Des rapports accablants
Des animaux protégés comme des chauves-souris se trouveraient notamment dans les souterrains. Une expertise menée en mars 2021, conclu a la présence d'espèces très rares dans les carrières, et affirme : "le potentiel et l’intérêt de la "Mine des 3 Pins" semblent extrêmement importants vis-à-vis des chiroptères." Des données également affirmées par ECO-MED. D'autres espèces en surface comme des insectes, des oiseaux ou des reptiles seraient elles aussi ménacées.
Un rapport plus ancien de 2015, dirigé par le GIP Géodéris, à la demande de la DREAL Provence-Alpes-Côte d’Azur, confirme également les craintes des militants. Six phénomènes de « mouvements de terrain » ont été retenus :
l’effondrement généralisé, l’affaissement, l’effondrement localisé, l’écroulement rocheux, le glissement et le tassement.

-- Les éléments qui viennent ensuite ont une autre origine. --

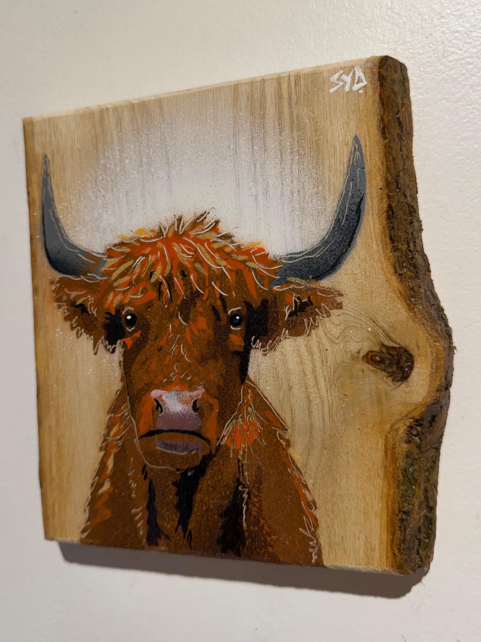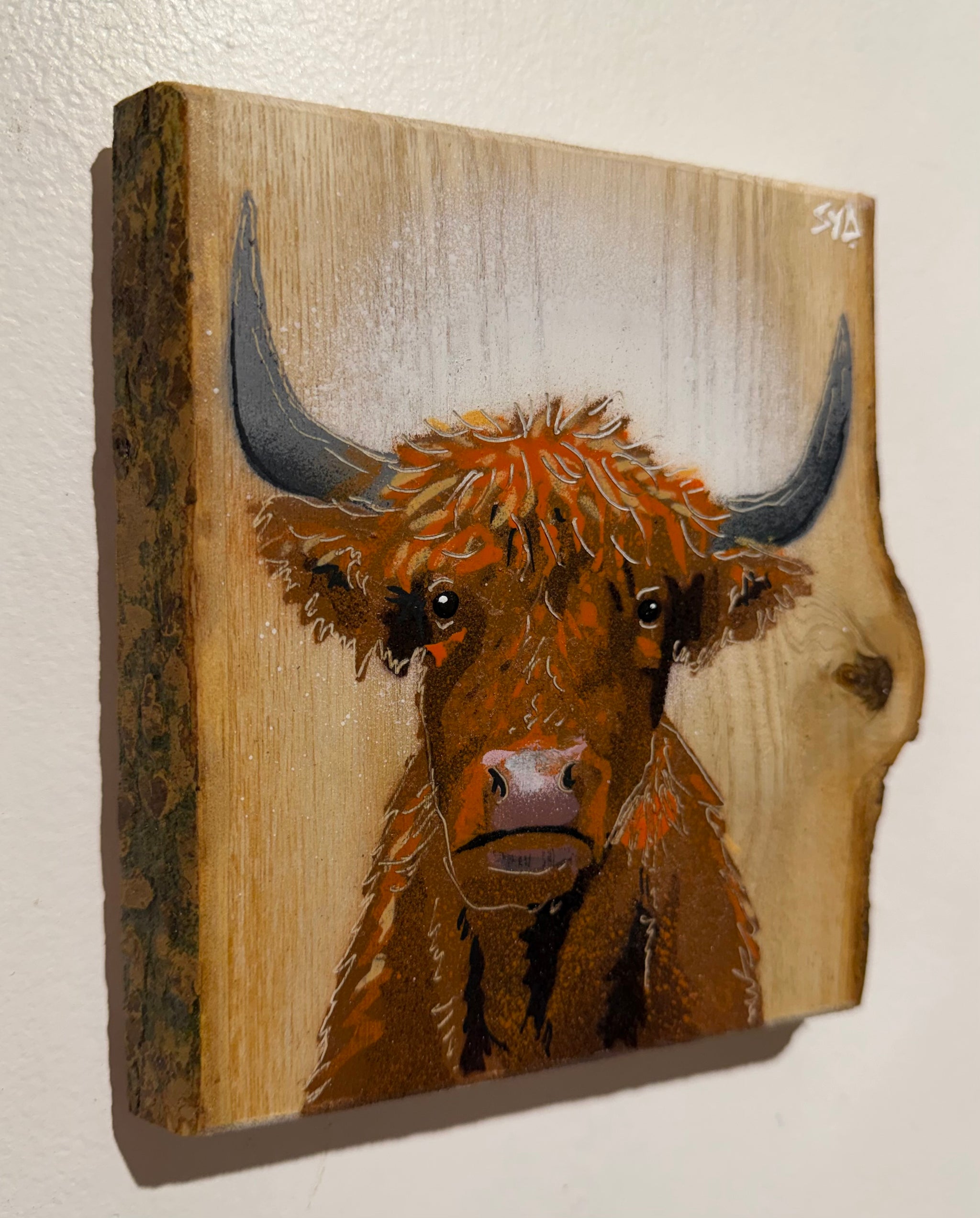 Highland Cow 2026 Barky Ash Wood - Signed Limited Edition Artwork - size 20 x 18cm - Numbers 2 to 5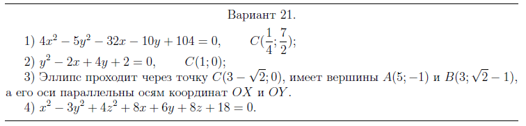 ДЗ 2: Кривые и поверхности второго порядка вариант 21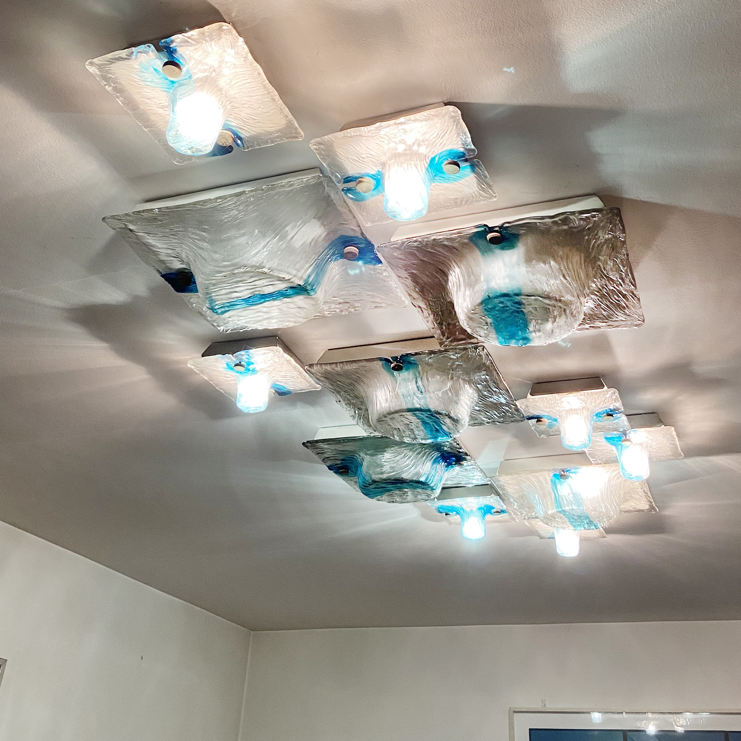 dodici lampade da parete mod. Quilt, in vetro corteccia con dettagli blu, lievi difetti.
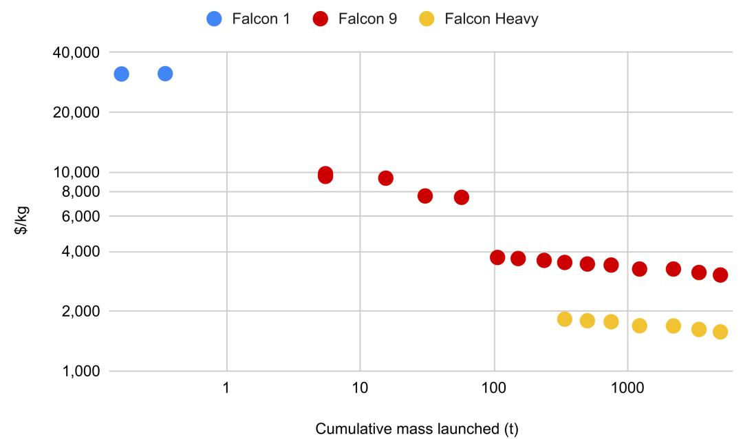 从 Falcon 1 到 Falcon Heavy,SpaceX 已把发射成本从 $30000/kg 降到 $1800/kg;而 Starship 的目标,是 10× 可重复使用率下的 $60/kg,极限情况下可降到 $15/kg。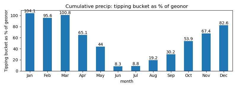 2: Monthly ratio of tipping bucket/geonor totals for periods of concurrent measurement May 2017-Dec 2019.

En fonction des types de phénomènes, les niveaux retenus varient de faible à fort.
Des risques d'affaissement des routes avec le trafic régulier des camions de chantier inquiètent les opposants au projet.
Une catastrophe pour les réserves d'eau
7 millions de m3 d'eau se trouve en dessous de la carrière, dans les anciennes galeries minières si un effondrement avait lieu les risques seraient considérables. De plus, les risques de pollution des eaux inquiètent les militants.
En 2019, Robert Durand, hydrogéologue, président de la Confédération Environnement Méditerranée affirmait : "cette carrière va écraser la plus grande réserve d'eau potable qui alimente le littoral varois et l'aire toulonnaise. Si on détruit cette réserve et qu'il y a de la sècheresse comment va t-on s'alimenter ?".
Sur ce point, le jugement a néanmoins été rendu en faveur de l'entreprise exploitante, aucun nouvel élément est à apporter au dossier.
A ce jour, les recours juridiques et légaux sont allés en faveur du projet, pourtant les opposants refusent encore de baisser les bras. Selon un juriste proche du dossier, le collectif aurait écrit à la Ministre de la transition écologique Barbara Pompili, début avril puisque l'alerte lancée auprès de l'OFB - Office français de la biodiversité n'aurait pas abouti, pas d'enquête ni de réponse.
Après retour du ministère, le parquet de Draguignan aurait demandé à l'OFB d'ouvrir une enquête au vu des nouveaux éléments concernant la présence d'espèce protégées sur le site.
En attendant ce verdict, l'entreprise continue de mener ses travaux sur le site malgré les risques.